(Collected data)
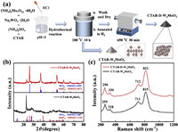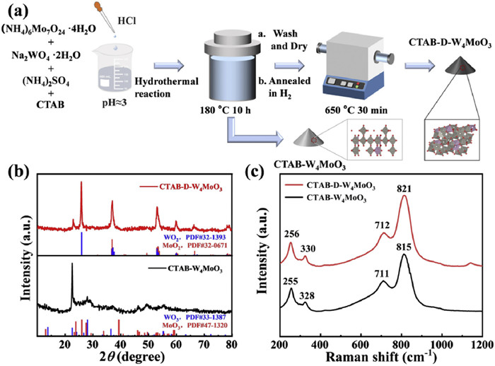 | Fig. 1. (a) The schematic synthesis diagram of W4MoO3 nanowires deficient in oxygen vacancies (CTAB-W4MoO3) and W4MoO3 nanowires rich in O-vacancies (CTAB-D-W4MoO3 NWs). (b) XRD patterns and (c) Raman spectra of CTAB-W4MoO3 and CTAB-D-W4MoO3. | |
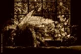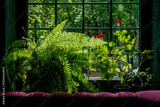 Ferns and small plants thrive by a window, basking in sunlight while a few red flowers add color
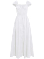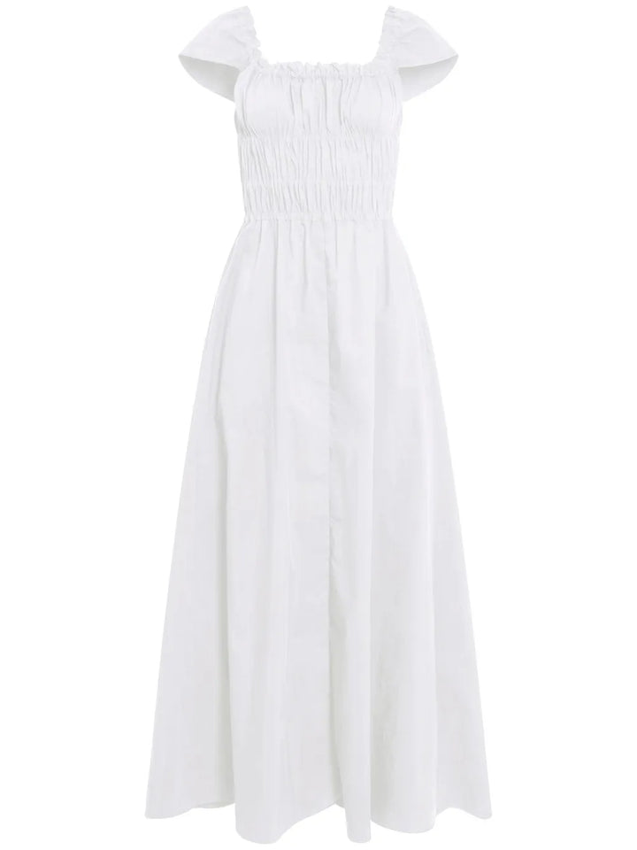 Model wearing the Lily Dress in Optic White, demonstrating the dress's whimsical elegance and comfortable fit.
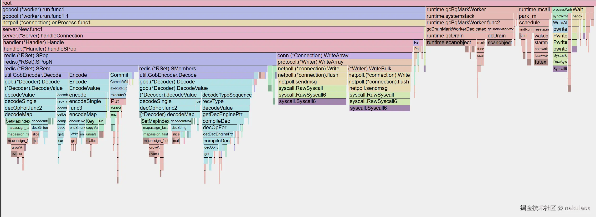 通过上述手段的优化,qps 大幅提升,6k-1w5波动。获取对应key的成员函数(SMember)从85%降到21%,此时序列化和反序列化占据大部分时间。
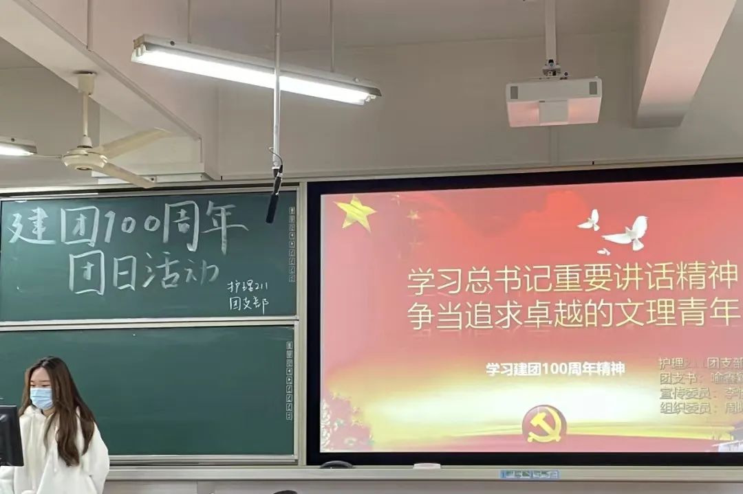 为深入学习贯彻习近平总书记考察中国人民大学重要讲话精神,深刻领悟习近平总书记在庆祝中国共产主义青年团成立100周年大会上的重要讲话精神,护理211班团支部于2022年5月16日开展了以“学习习近平总书记重要讲话精神,争当追求卓越的文理青年”为主题的团日活动。
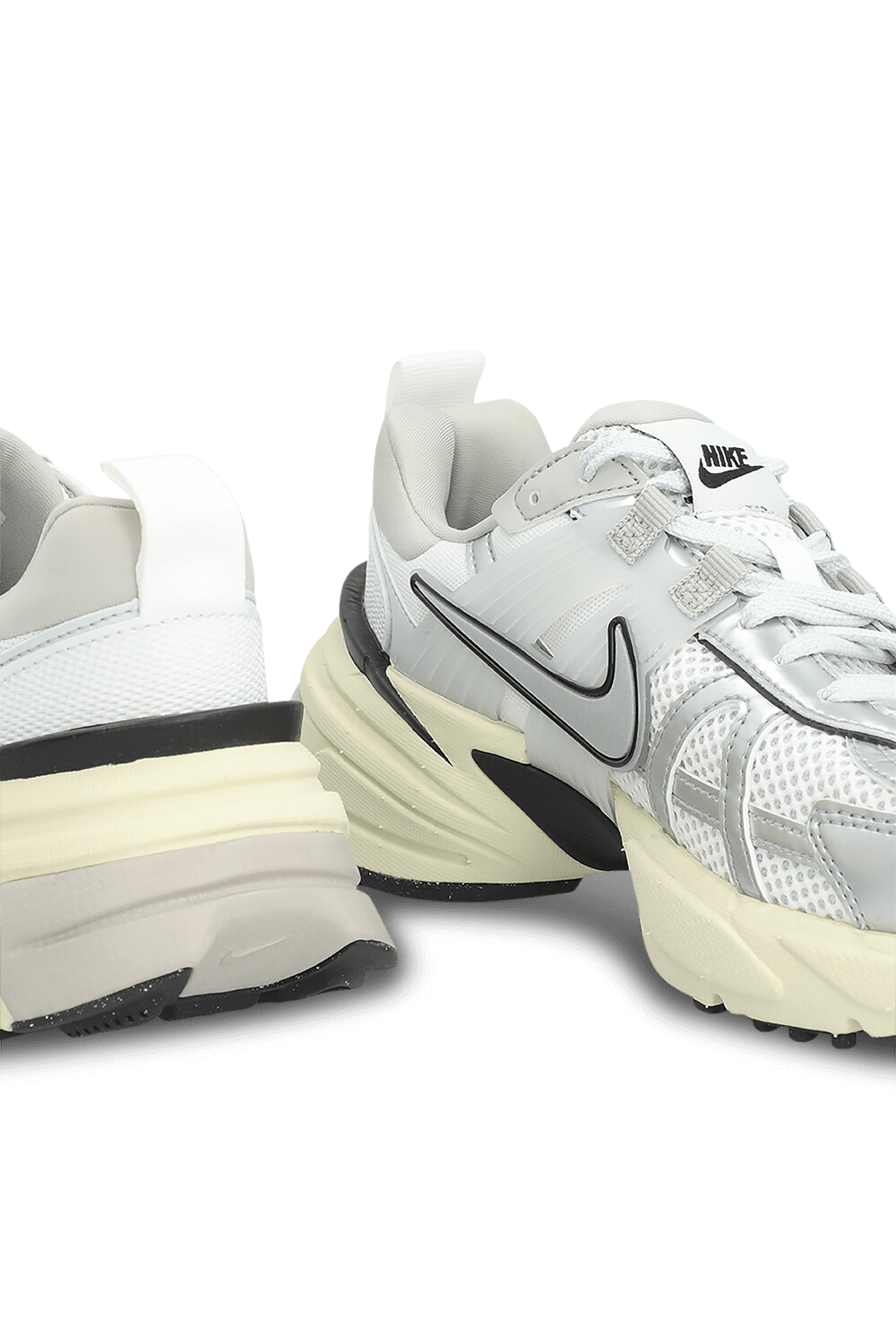 נעלי סניקרס דגם V2K Run מבית Nike, עשויות תערובת טקסטיל ובד רשת בצבע לבן עם לווג ודיטיילז בצבע ירוק במראה רטרו לנעלי ריצה קלאסיות. לנעליים עקב צ'אנקי וסולייה תומכת לנוחות מקסימלית.
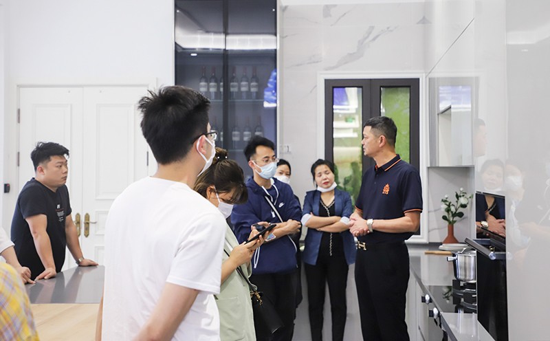 品鑒會始伊,在工作人員的帶領下,來場嘉賓進入北斗星智慧廚房體驗館,以黑白灰為主基調,色彩明快、簡約歡愉的SI形象,讓參會團感受到了北斗星的高品位與高規格,引領時尚生活。其中北斗星整體廚房的的裝修風格也給在場設計師們帶來了新的靈感。
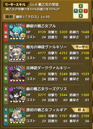 最初はやはり高火力 戦乙女軍団で挑みます。

§ Your instructions: Print the data word for word and omit the pictures.

§ Solution to the exercise:
 | Fig. 1. (a) The schematic synthesis diagram of W4MoO3 nanowires deficient in oxygen vacancies (CTAB-W4MoO3) and W4MoO3 nanowires rich in O-vacancies (CTAB-D-W4MoO3 NWs). (b) XRD patterns and (c) Raman spectra of CTAB-W4MoO3 and CTAB-D-W4MoO3. | |
 Ferns and small plants thrive by a window, basking in sunlight while a few red flowers add color
 Model wearing the Lily Dress in Optic White, demonstrating the dress's whimsical elegance and comfortable fit.
 通过上述手段的优化,qps 大幅提升,6k-1w5波动。获取对应key的成员函数(SMember)从85%降到21%,此时序列化和反序列化占据大部分时间。
 为深入学习贯彻习近平总书记考察中国人民大学重要讲话精神,深刻领悟习近平总书记在庆祝中国共产主义青年团成立100周年大会上的重要讲话精神,护理211班团支部于2022年5月16日开展了以“学习习近平总书记重要讲话精神,争当追求卓越的文理青年”为主题的团日活动。
 נעלי סניקרס דגם V2K Run מבית Nike, עשויות תערובת טקסטיל ובד רשת בצבע לבן עם לווג ודיטיילז בצבע ירוק במראה רטרו לנעלי ריצה קלאסיות. לנעליים עקב צ'אנקי וסולייה תומכת לנוחות מקסימלית.
 品鑒會始伊,在工作人員的帶領下,來場嘉賓進入北斗星智慧廚房體驗館,以黑白灰為主基調,色彩明快、簡約歡愉的SI形象,讓參會團感受到了北斗星的高品位與高規格,引領時尚生活。其中北斗星整體廚房的的裝修風格也給在場設計師們帶來了新的靈感。
 最初はやはり高火力 戦乙女軍団で挑みます。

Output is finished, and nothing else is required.